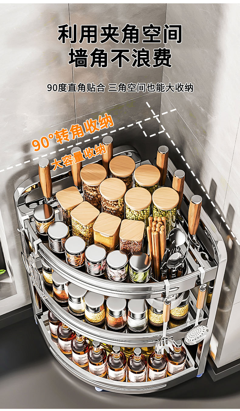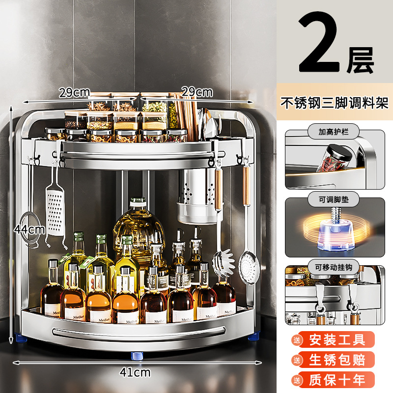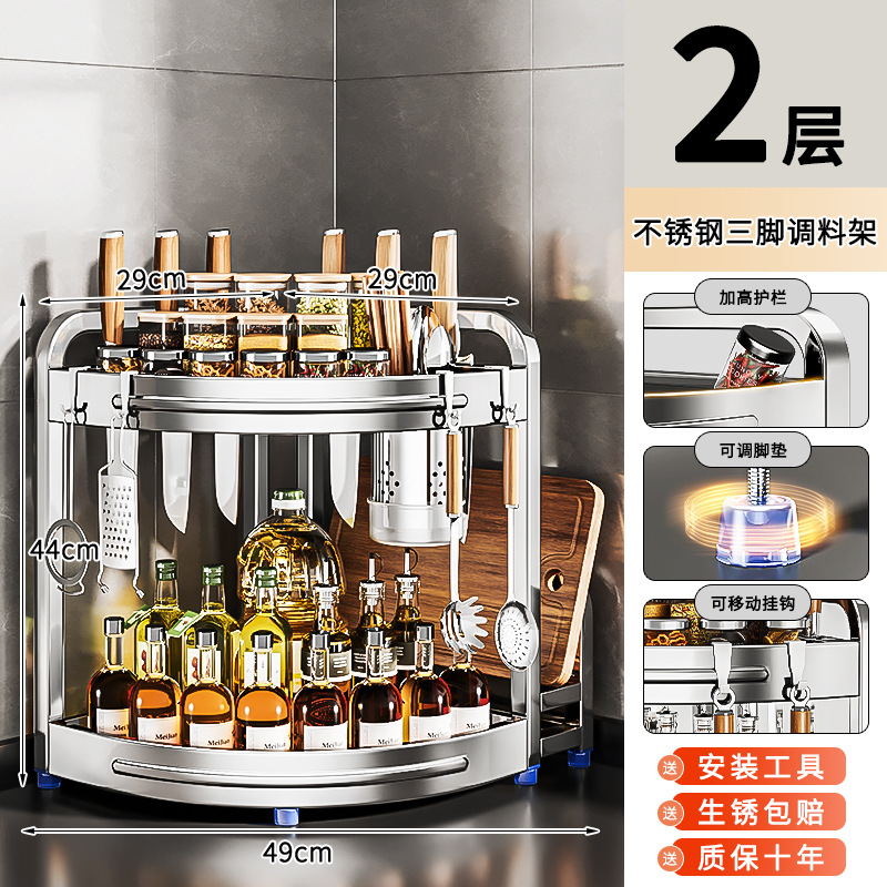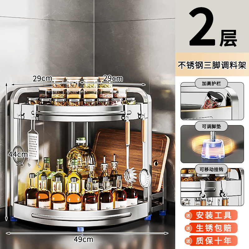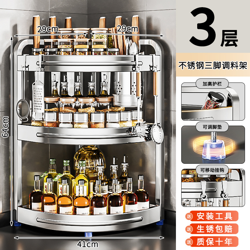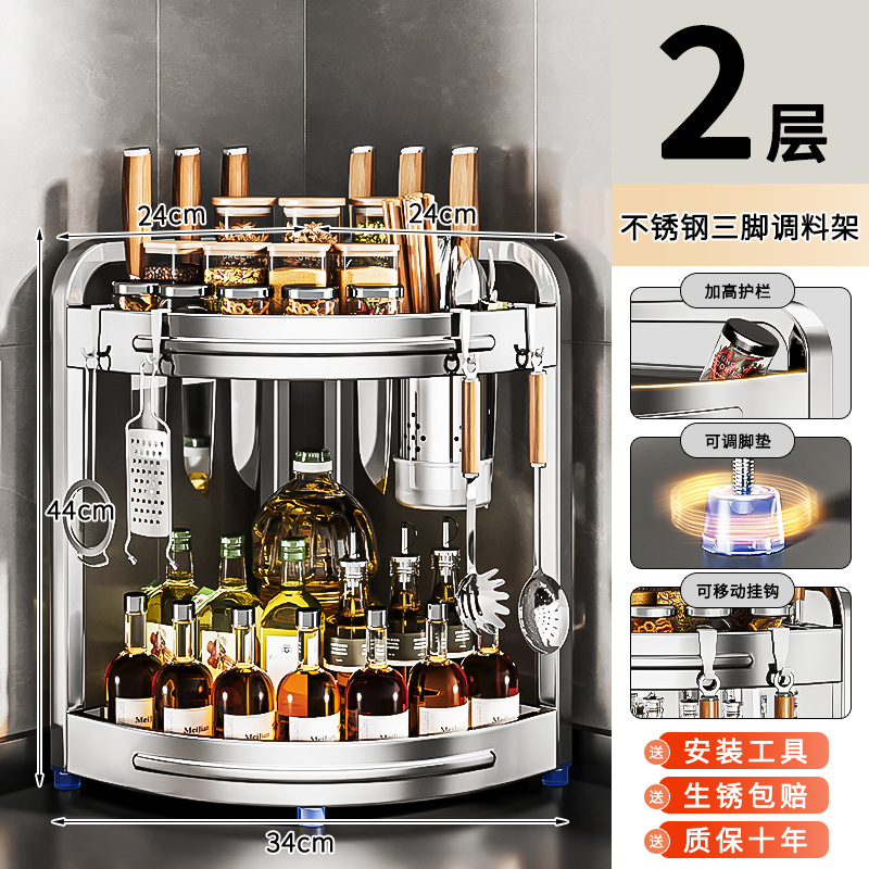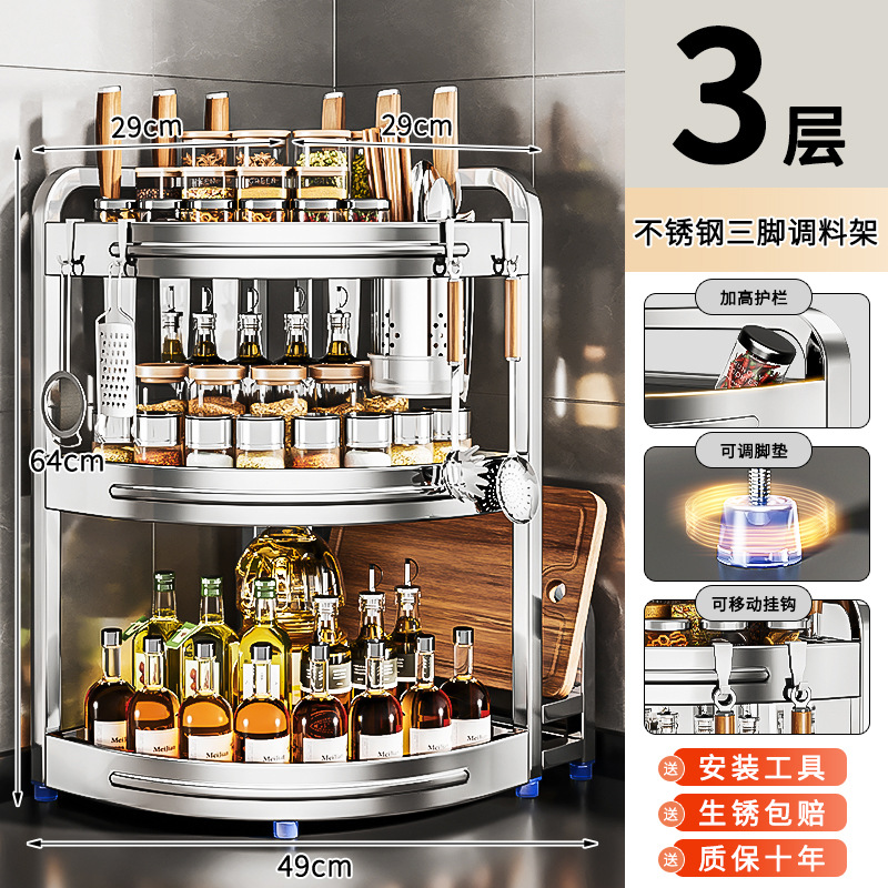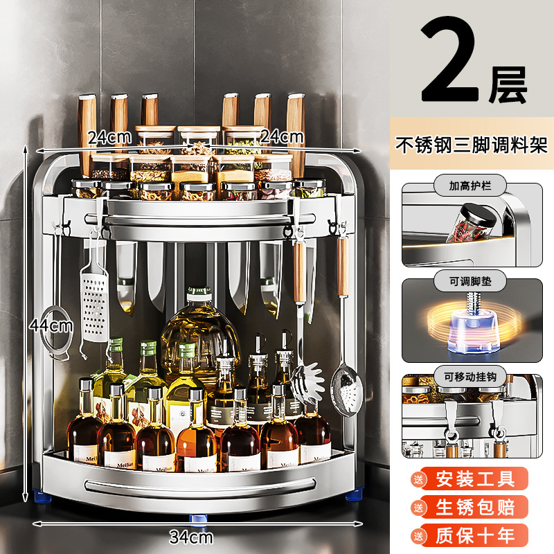 새로운 스테인리스 스틸 주방 조미료 보관대, 조리대 삼각 코너 다기능 벽 코너 수납 선반스토어 가기
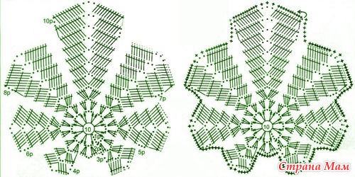 Первые 5 рядов вяжутся крючком по кругу, при этом в начале каждого ряда первый столбик с накидом заменяется на три воздушных петли (это не обозначено на схеме).
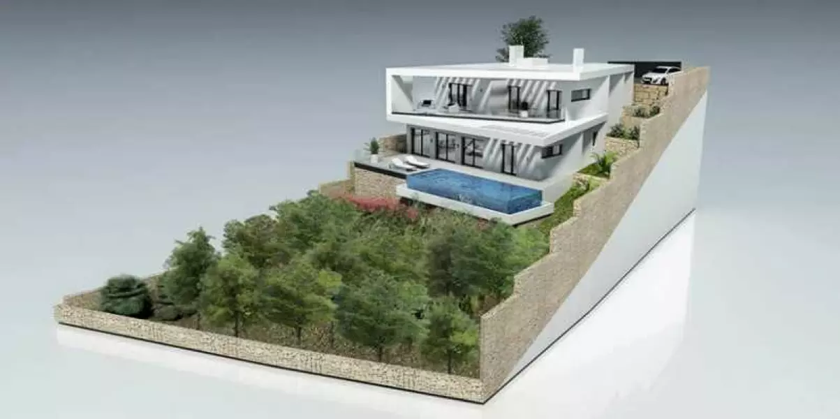 Вилла занимает площадь 560 кв. м, имеет три этажа, соединенных лифтом. В доме четыре спальни, каждая со своей ванной комнатой. Все комнаты, включая ванные комнаты, выходят на террасу и ориентированы окнами на море. Большая гостиная с открытой кухней с выходом на обширную террасу с бассейном 30 кв. м с переливом. На нижнем уровне находится большое помещение, которое по желанию может быть оборудовано под спортивный зал или под зону отдыха с бильярдом и сауной. Земельный участок, площадью 841 кв. м с красивым садом и парковкой. Во всем доме установлена система кондиционирования, охранная сигнализация, теплые полы.
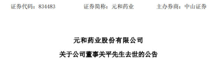 元和药业表示,公司董事、监事、高级管理人员及全体员工,对关平先生在任职期间的辛勤付出和卓越贡献致以最崇高的敬意和最衷心的感谢。对关平先生的去世表示沉痛哀悼和深切缅怀,并向关平先生的家属致以深切慰问。
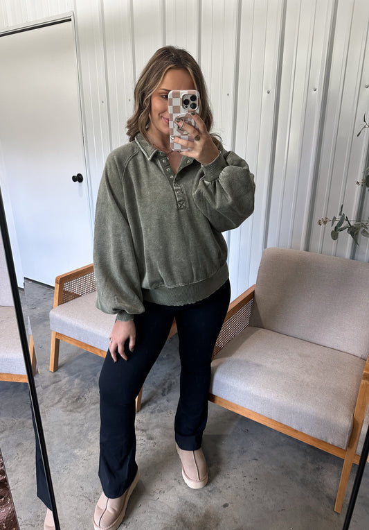 Sold outMegan Button Up Pullover - Olive
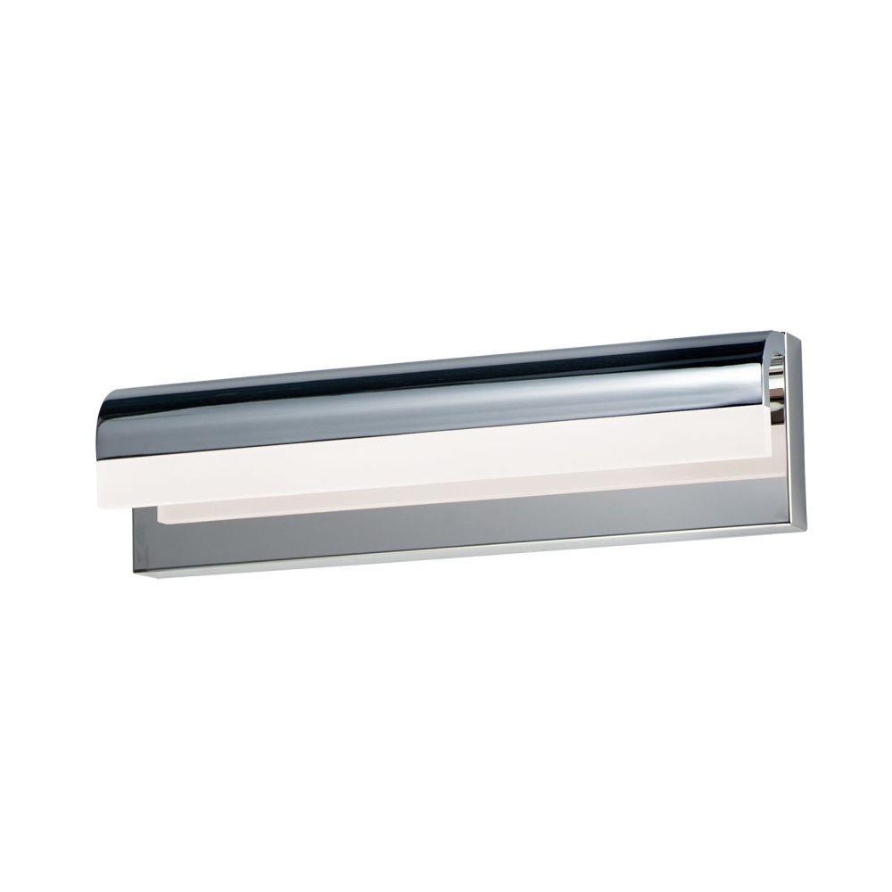 An aluminum frame of Polished Chrome or Black, cascades downward and supports a frosted acrylic diffuser which nicely diffuses the light from the LED enclosed. A perfect complement to the similar bath hardware found in many homes today.
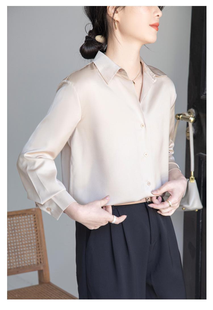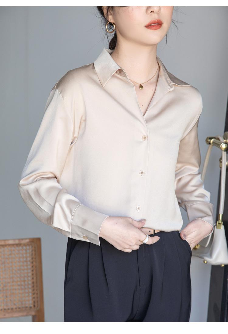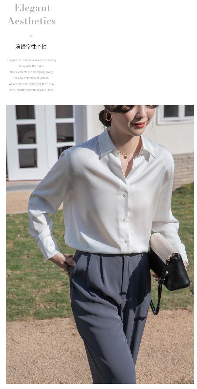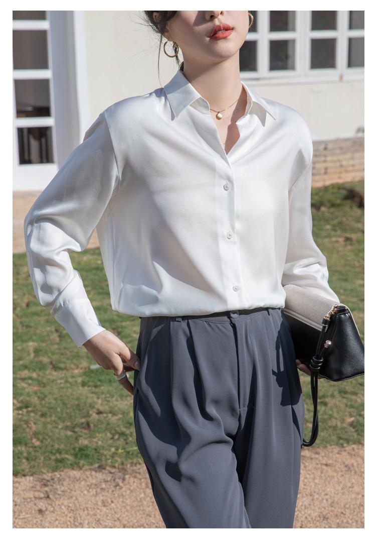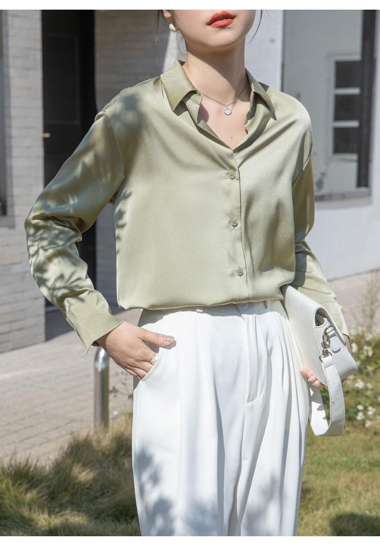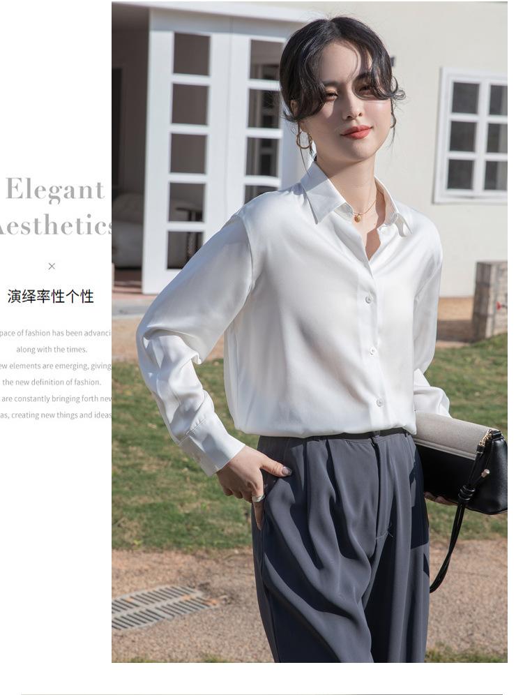 Camisa de satén blanco con cuello en V para mujer Primavera y Otoño 2024 Nuevo diseño Sensation Niche French Chic Ropa interior superior
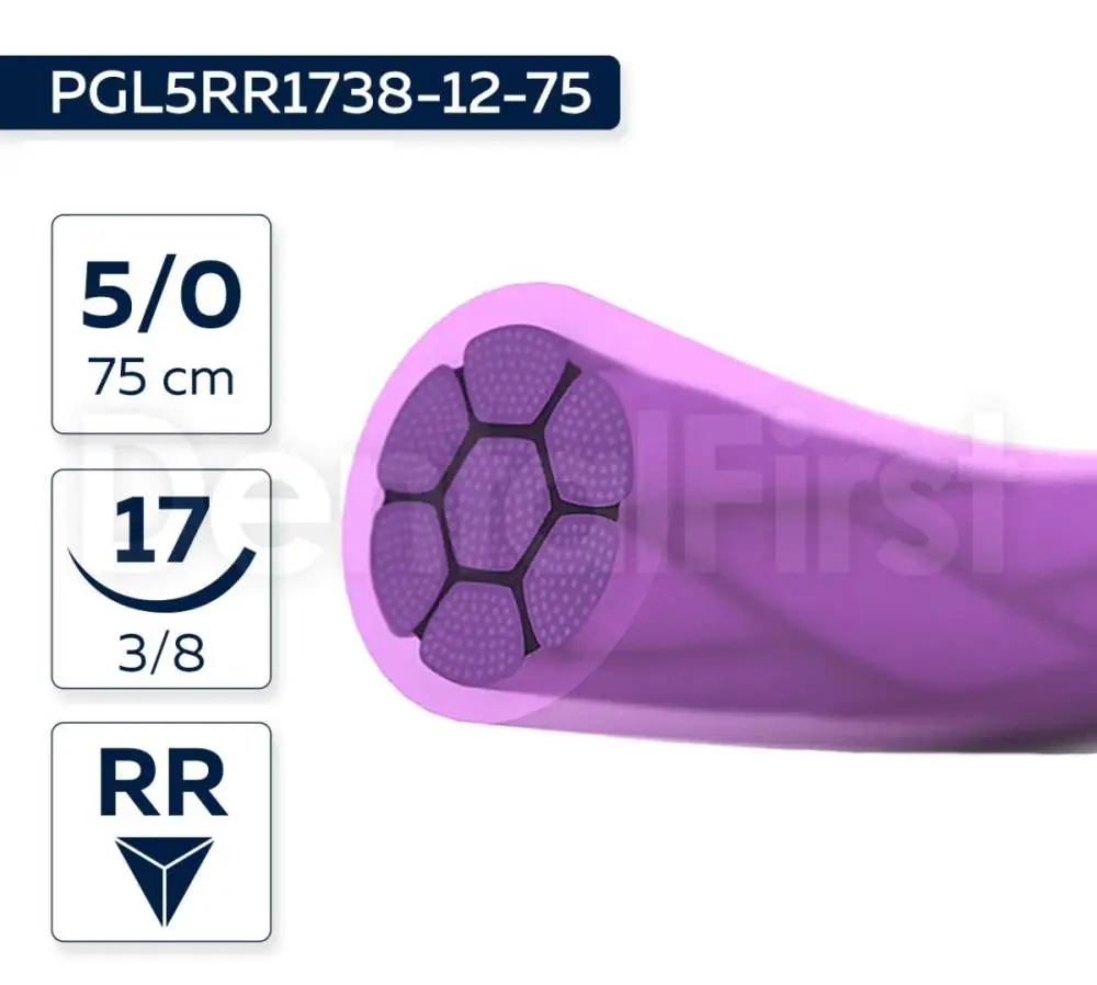 4. / PGL5RR1738-12-75 Лактисорб - A 5/0, плетеная, игла обратно-режущая 17 мм 3/8, 75 см, шовный материал (12 шт), фиолетовая нить
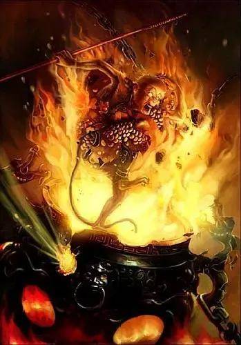 六丁神火:六丁神火为太上老君将三昧真火,以文武火之势,在紫金八卦炉中炼化七七四十九天而衍生出的神火。六丁神火的威力有多大。西游记中太上老君曾与观音菩萨打赌,将观音菩萨的杨柳枝放在八卦炉中炙得焦干。金箍棒、九齿钉耙、紫金铃等兵器法宝都是从八卦炉中炼出来的,由此可见六丁神火的威力。将身绑在降妖柱,即命神兵把首枭。刀砍锤敲不得坏,又教雷打火来烧。老孙其实有手段,全然不怕半分毫。送在老君炉里炼,六丁神火慢煎熬,慢煎者必定是文火,天干中只有丙和丁代表火,其中丙是武火,丁是文火。火系先天之物,兜率宫的特产,追求丹道者梦寐以求的神火

———

→ WHAT THE TASK REQUIRES
Retype the entries above exactly, starting at their first line and ending with the line that holds "4. / PGL5RR1738-12-75"; pictures stay out.

→ REPLY TO THE EXERCISE
 새로운 스테인리스 스틸 주방 조미료 보관대, 조리대 삼각 코너 다기능 벽 코너 수납 선반스토어 가기
 Первые 5 рядов вяжутся крючком по кругу, при этом в начале каждого ряда первый столбик с накидом заменяется на три воздушных петли (это не обозначено на схеме).
 Вилла занимает площадь 560 кв. м, имеет три этажа, соединенных лифтом. В доме четыре спальни, каждая со своей ванной комнатой. Все комнаты, включая ванные комнаты, выходят на террасу и ориентированы окнами на море. Большая гостиная с открытой кухней с выходом на обширную террасу с бассейном 30 кв. м с переливом. На нижнем уровне находится большое помещение, которое по желанию может быть оборудовано под спортивный зал или под зону отдыха с бильярдом и сауной. Земельный участок, площадью 841 кв. м с красивым садом и парковкой. Во всем доме установлена система кондиционирования, охранная сигнализация, теплые полы.
 元和药业表示,公司董事、监事、高级管理人员及全体员工,对关平先生在任职期间的辛勤付出和卓越贡献致以最崇高的敬意和最衷心的感谢。对关平先生的去世表示沉痛哀悼和深切缅怀,并向关平先生的家属致以深切慰问。
 Sold outMegan Button Up Pullover - Olive
 An aluminum frame of Polished Chrome or Black, cascades downward and supports a frosted acrylic diffuser which nicely diffuses the light from the LED enclosed. A perfect complement to the similar bath hardware found in many homes today.
 Camisa de satén blanco con cuello en V para mujer Primavera y Otoño 2024 Nuevo diseño Sensation Niche French Chic Ropa interior superior
 4. / PGL5RR1738-12-75 Лактисорб - A 5/0, плетеная, игла обратно-режущая 17 мм 3/8, 75 см, шовный материал (12 шт), фиолетовая нить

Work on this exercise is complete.